TASK GOAL:
Each line below must be set down exactly; omit any image you find.

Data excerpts
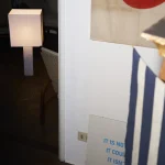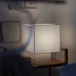 The lamp can be customized to work in any country, the lampshade color can be chosen between: white, dark blue, lemon yellow, brick red.
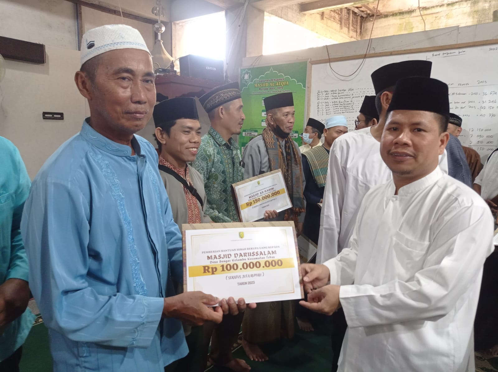 Di akhir acara diserahkan bantuan untuk 15 mesjid dan 1 buah musholla secara simbolis oleh Bupati Sambas antara lain Masjid Al Manar, Masjid Al-Atqiya, Masjid Ar- Rahim, Masjid Al – Hufazh serta masjid-masjid lainnya yang tersebar di Kecamatan Tebas.
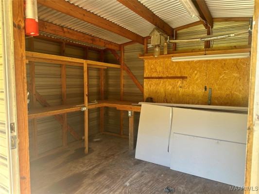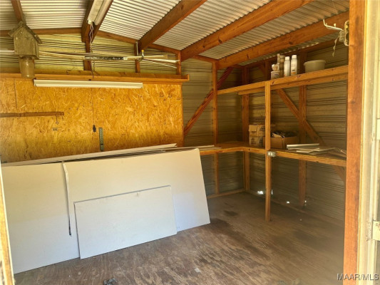 The workshop outside has custom shelving, electric and a front porch. The possibilities are endless for this building!
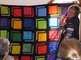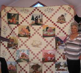 However, at the other end of the scale, two of our group with very nimble thimbles displayed a couple of stunning quilts they had recently completed. Liz Hendrickson must be the most prolific quilter I know. The pattern and colours in her quilt echoed those of a stained glass window. While Leatrice Behardien’s quilt displayed an intricate series of panels depicting thirteen fairy-tale-type houses. Each panel took one month to complete.
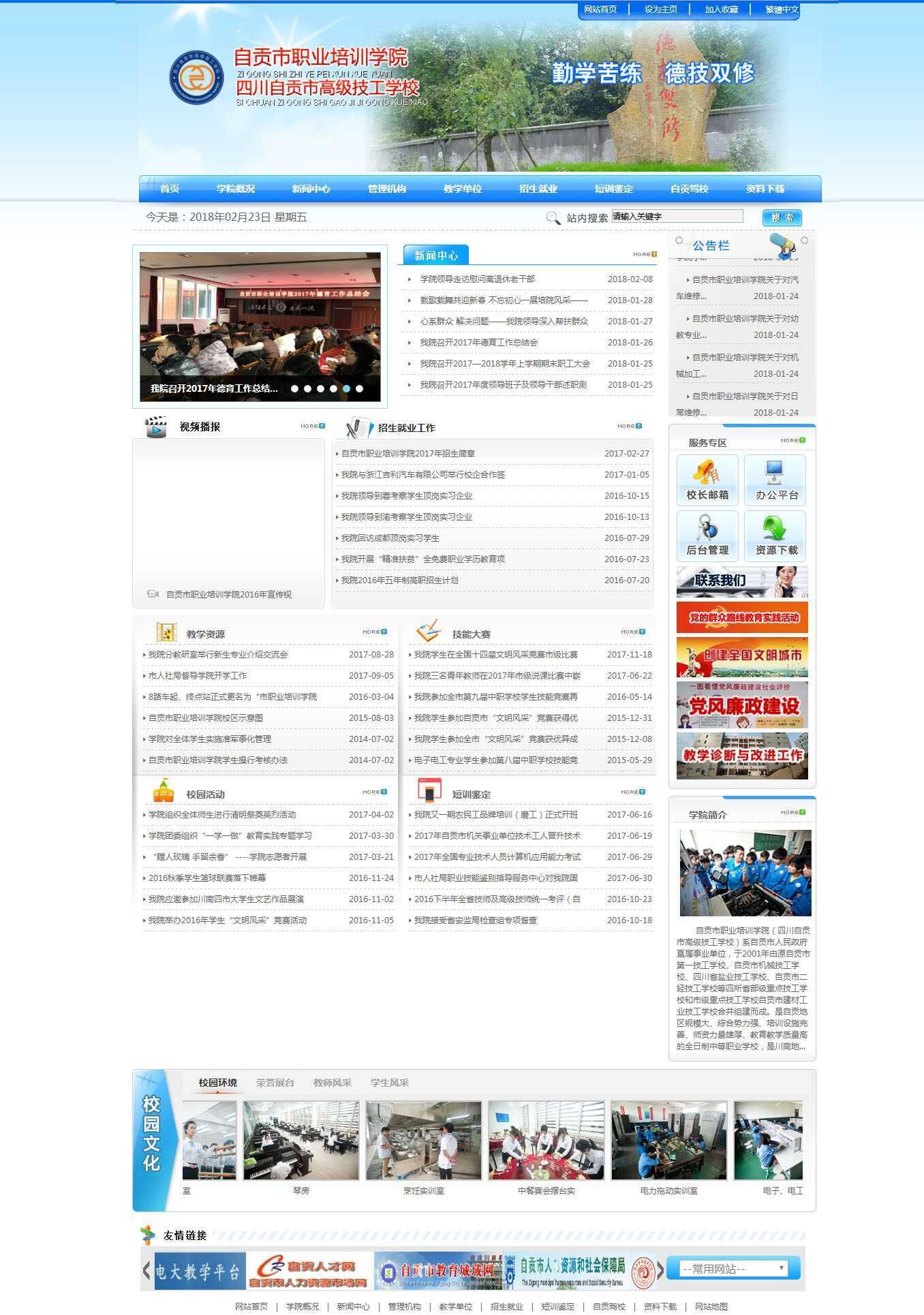 自贡市职业培训学院(四川自贡市高级技工学校,自贡市农民工培训学院)系自贡市人民政府直属事业单位,是自贡地区规模大、综合势力强、培训设施完善、师资力量雄厚、教育教学质量高的全日制职业学院,是川南地区唯一的高级技工学校和高技能人才培养基地。
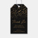 Dessa vackra bröllopsfavoriter har många märkre som sitter ihop i faux guld-folie över en ren svart bakgrund. Faux guld står "Tack" i snyggt typografi. Fåglarna med en luddrubrik visar hur viktigt det är att paret går med i giftermål. Elegant, klass, modern och unik - perfekt för gäster på din speciella dag!
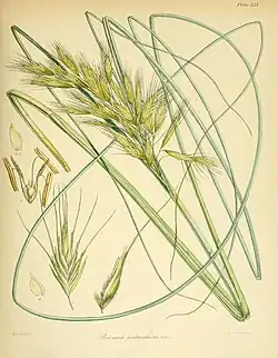 - ^ a b Hooker, J.D. (1845). "Bromus antarcticus". The Botany of the Antarctic Voyage of H.M. Discovery Ships Erebus and Terror in the Years 1839-1843 :under the Command of Captain Sir James Clark Ross. 1: 97. Plate LIV
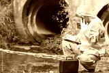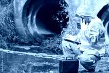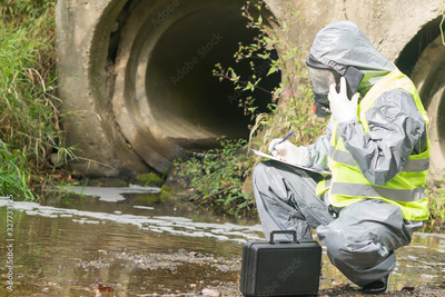 environmental specialist in a protective suit and mask talking on the phone and recording a work plan at the facility
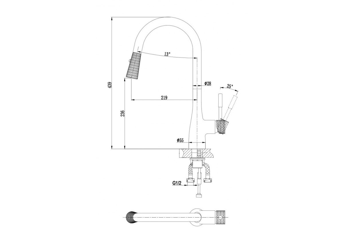 Смеситель D&K Rhein Schiller DA1462505B для кухонной мойки с выдвижной лейкой
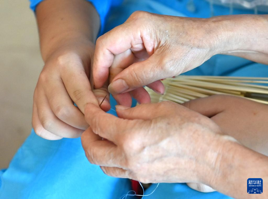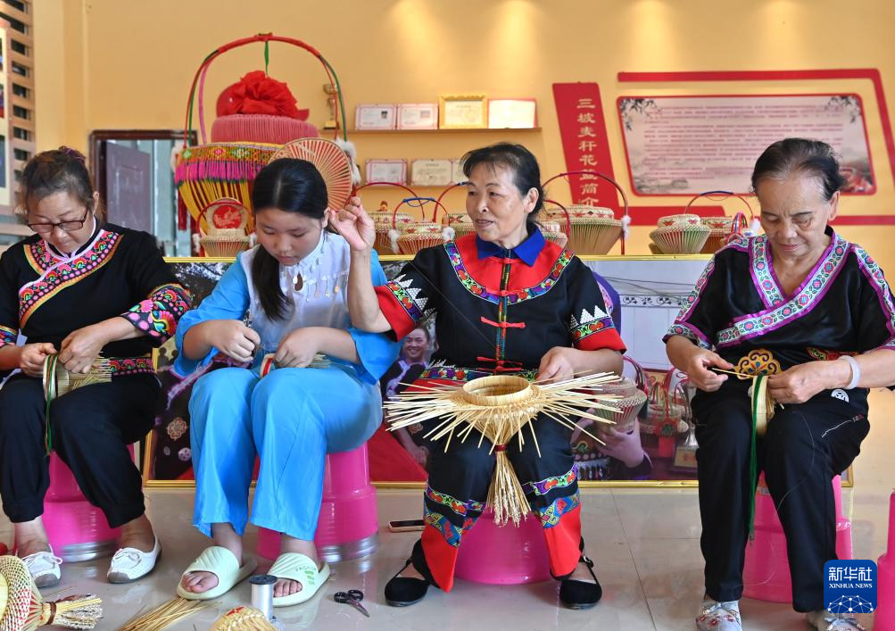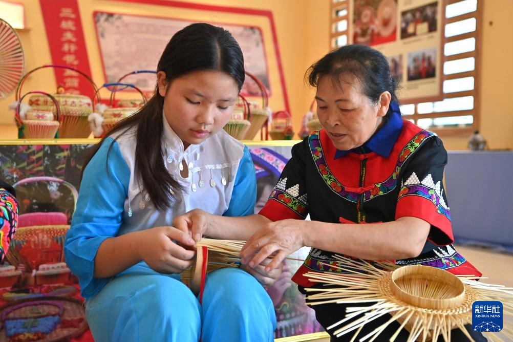 梁秀群(右)在百色市田阳区巴别乡三坡村民俗文化传承馆教14岁的陆新睿编织麦秆花篮(8月21日摄)。

REPLY TO THE TASK:
 The lamp can be customized to work in any country, the lampshade color can be chosen between: white, dark blue, lemon yellow, brick red.
 Di akhir acara diserahkan bantuan untuk 15 mesjid dan 1 buah musholla secara simbolis oleh Bupati Sambas antara lain Masjid Al Manar, Masjid Al-Atqiya, Masjid Ar- Rahim, Masjid Al – Hufazh serta masjid-masjid lainnya yang tersebar di Kecamatan Tebas.
 The workshop outside has custom shelving, electric and a front porch. The possibilities are endless for this building!
 However, at the other end of the scale, two of our group with very nimble thimbles displayed a couple of stunning quilts they had recently completed. Liz Hendrickson must be the most prolific quilter I know. The pattern and colours in her quilt echoed those of a stained glass window. While Leatrice Behardien’s quilt displayed an intricate series of panels depicting thirteen fairy-tale-type houses. Each panel took one month to complete.
 自贡市职业培训学院(四川自贡市高级技工学校,自贡市农民工培训学院)系自贡市人民政府直属事业单位,是自贡地区规模大、综合势力强、培训设施完善、师资力量雄厚、教育教学质量高的全日制职业学院,是川南地区唯一的高级技工学校和高技能人才培养基地。
 Dessa vackra bröllopsfavoriter har många märkre som sitter ihop i faux guld-folie över en ren svart bakgrund. Faux guld står "Tack" i snyggt typografi. Fåglarna med en luddrubrik visar hur viktigt det är att paret går med i giftermål. Elegant, klass, modern och unik - perfekt för gäster på din speciella dag!
 - ^ a b Hooker, J.D. (1845). "Bromus antarcticus". The Botany of the Antarctic Voyage of H.M. Discovery Ships Erebus and Terror in the Years 1839-1843 :under the Command of Captain Sir James Clark Ross. 1: 97. Plate LIV
 environmental specialist in a protective suit and mask talking on the phone and recording a work plan at the facility
 Смеситель D&K Rhein Schiller DA1462505B для кухонной мойки с выдвижной лейкой
 梁秀群(右)在百色市田阳区巴别乡三坡村民俗文化传承馆教14岁的陆新睿编织麦秆花篮(8月21日摄)。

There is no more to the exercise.